The ExecutionCache, or None if caching is disabled.

from_dataframe classmethod

from_dataframe(
    data: Any,
    *,
    adapter: ProviderAdapter | None = None,
    model: str | None = None,
    system: str | None = None,
    semantics: dict[str, dict] | None = None,
    **kwargs: Any,
) -> Agent

Build an Agent with data preloaded as cache handles.

Accepts a DataFrame, a {name: value} mapping, a file path, or a list of paths. Resolves an adapter from model/the environment and applies the default analyst system prompt unless overridden.

Source code in data_harness/agent.py
@classmethod
def from_dataframe(
    cls,
    data: Any,
    *,
    adapter: ProviderAdapter | None = None,
    model: str | None = None,
    system: str | None = None,
    semantics: dict[str, dict] | None = None,
    **kwargs: Any,
) -> Agent:
    """Build an `Agent` with ``data`` preloaded as cache handles.

    Accepts a DataFrame, a ``{name: value}`` mapping, a file path, or a list
    of paths. Resolves an adapter from ``model``/the environment and applies
    the default analyst system prompt unless overridden.
    """
    from data_harness.io import to_handles
    from data_harness.quickstart import _DEFAULT_SYSTEM, resolve_adapter

    agent = cls(
        adapter=adapter if adapter is not None else resolve_adapter(model),
        system=system if system is not None else _DEFAULT_SYSTEM,
        **kwargs,
    )
    sem = semantics or {}
    for name, value in to_handles(data).items():
        agent.cache.put(name, value, semantics=sem.get(name))
    return agent

from_csv classmethod

from_csv(path: str | Path, **kwargs: Any) -> Agent

Build an Agent from a CSV (or other supported file) path.
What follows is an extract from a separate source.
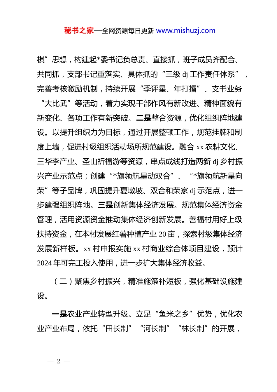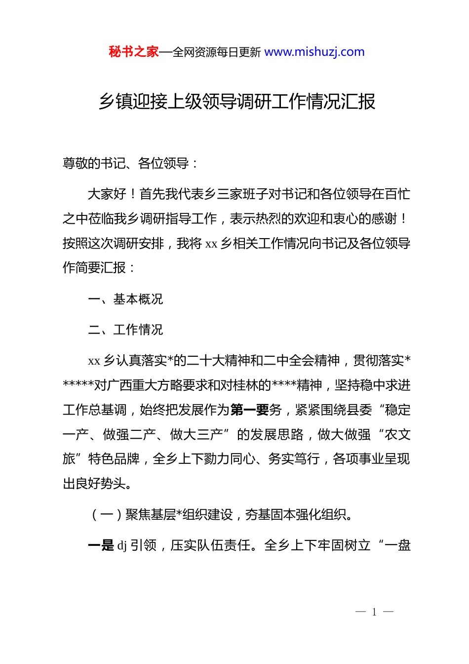 秘书之家—全网资源每日更新 www.mishuzj.com乡镇迎接上级领导调研工作情况汇报尊敬的书记、各位领导:大家好!首先我代表乡三家班子对书记和各位领导在百忙之中莅临我乡调研指导工作,表示热烈的欢迎和衷心的感谢!按照这次调研安排,我将 xx 乡相关工作情况向书记及各位领导作简要汇报:一、基本概况二、工作情况xx 乡认真落实*的二十大精神和二中全会精神,贯彻落实******对广西重大方略要求和对桂林的****精神,坚持稳中求进工作总基调,始终把发展作为第一要务,紧紧围绕县委“稳定一产、做强二产、做大三产”的发展思路,做大做强“农文旅”特色品牌,全乡上下勠力同心、务实笃行,各项事业呈现出良好势头。(一)聚焦基层*组织建设,夯基固本强化组织。一是 dj 引领,压实队伍责任。全乡上下牢固树立“一盘— 1 —秘书之家—全网资源每日更新 www.mishuzj.com棋”思想,构建起*委书记负总责、直接抓,班子成员齐配合、共同抓,支部书记重落实、具体抓的“三级 dj 工作责任体系”,完善考核激励机制,持续开展“季评星、年打擂”、支书业务“大比武”等活动,着力实现干部作风有新改进、精神面貌有新变化、各项工作有新突破。二是整合资源,优化组织阵地建设。以提升组织力为目标,通过开展整顿工作,规范挂牌和制度上墙,促进村级组织活动场所规范建设。融合 xx 农耕文化、三华李产业、圣山祈福游等资源,串点成线打造两新 dj 乡村振兴产业示范点;创建“*旗领航星动双合”、“*旗领航新星向荣”等子品牌,巩固提升夏墩坡、双合和荣家 dj 示范点,进一步建强组织阵地。三是创新集体经济发展。规范集体经济资金管理,活用资源资金推动集体经济创新发展。善福村用好上级扶持资金,在本村发展红薯种植产业 20 亩,探索村级集体经济发展新样板。xx 村申报实施 xx 村商业综合体项目建设,预计2024 年可完工投入使用,进一步扩大集体经济收益。(二)聚焦乡村振兴,精准施策补短板,强化基础设施建设。一是农业产业转型升级。立足“鱼米之乡”优势,优化农业产业布局,依托“田长制”“河长制”“林长制”的开展,— 2 —秘书之家—全网资源每日更新 www.mishuzj.com做实大农业工作。高质量完成平口村粮食高效示范点建设,完成经济作物播种任务。发挥地域优势,重点发展特色产业。二是招商投资持续向好。坚持“走出去,引进来”工作方针,*政主要领导带队招商,不断优化营商环境,成功引进广州维德益皮具有限公司落户 xx,240 名留守妇女实现就近就业,既增加家庭收入又照顾了家庭,努力为 xx 的经济发展注入新血液,带动农民就近就业。三是项目建设提质增速。平口水库水源地保护区规范化建设项目已完成主体建设,全乡 8 个污水处理站进入试运行阶段。协助完成库区移民村整村提升项目。重点策划包装“魅力圣山”五星级乡村旅游区项目,进一步助推我乡农文旅融合发展。(三)聚焦亮点打造,dj 引领农文旅融合发展赋能乡村振兴。一是依托圣山、圣山湖、石面山三华李连片种植区等资源,打造“三华李+祈福文化+旅游”农文旅相结合的模式,形成了“春赏李花、夏尝李果、冬登圣山”的乡村产业旅游“新业态”。二是依托石面山龙源紫荆花带,打造最美“一公里”网红打卡点,集中资源打造三华李产业示范点。三是充分发挥我乡区位、产业、人文等资源优势,举办三华李采摘节,进一步— 3 —秘书之家—全网资源每日更新 www.mishuzj.com提升特色产业知名度,打造三华李产业靓丽名片,吸引旅游项目落户 xx,助推农文旅融合发展。依靠三华李产业,村民人均增收 2000 余元,三华李成为农民增收的“致富果”,为扮靓农文旅融合发展“新图景”注入新活力。三、存在问题(一)维护社会稳定形势依然艰巨。(二)人居环境还需进一步改善。(三)招商引资困难。(四)村级集体经济普遍薄弱。四、下一步工作思路xx 乡将坚持以**************思想为指导,全面贯彻落实*的二十大和二十届二中全会精神,深入贯彻落实******对广西重大方略要求和对 xx****精神,深入贯彻落实县委的重大决策部署,坚持稳中求进,以进促稳、先立后破,推动“生态立乡、产业富乡、旅游...

Source code in data_harness/agent.py
@classmethod
def from_csv(cls, path: str | Path, **kwargs: Any) -> Agent:
    """Build an `Agent` from a CSV (or other supported file) path."""
    return cls.from_dataframe(str(path), **kwargs)

connector

connector(
    name: str, *, description: str
) -> ConnectorBuilder

Register a named connector and return a builder for attaching tools.

Connector tools start hidden; the model must call load_connectors before it can use them (progressive disclosure).

Parameters:

Name Type Description Default
name str

Unique connector name. Used as the tool-name prefix.

required
description str

Shown to the model when it lists available connectors.

required

Returns:

Type Description
ConnectorBuilder

A ConnectorBuilder for registering tools under this connector.
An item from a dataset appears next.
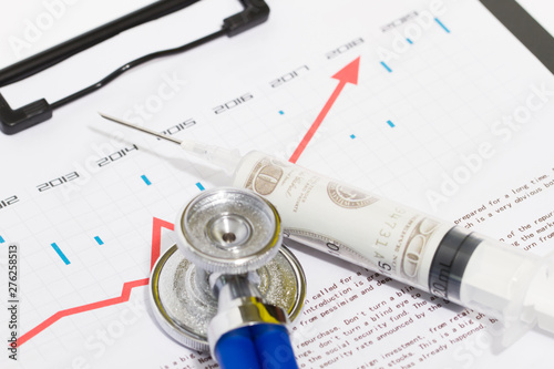 Syringe and US dollar, financial and economic improvement, capital injection, capital appreciation

Source code in data_harness/agent.py
def connector(self, name: str, *, description: str) -> ConnectorBuilder:
    """Register a named connector and return a builder for attaching tools.

    Connector tools start hidden; the model must call ``load_connectors``
    before it can use them (progressive disclosure).

    Args:
        name: Unique connector name. Used as the tool-name prefix.
        description: Shown to the model when it lists available connectors.

    Returns:
        A `ConnectorBuilder` for registering tools under this connector.
    """
    self._connectors[name] = _ConnectorDefinition(
        name=name, description=description
    )
    return ConnectorBuilder(self, name)

enable_planner

enable_planner() -> Agent

Enable the planning tool and suffix-based nag reminders.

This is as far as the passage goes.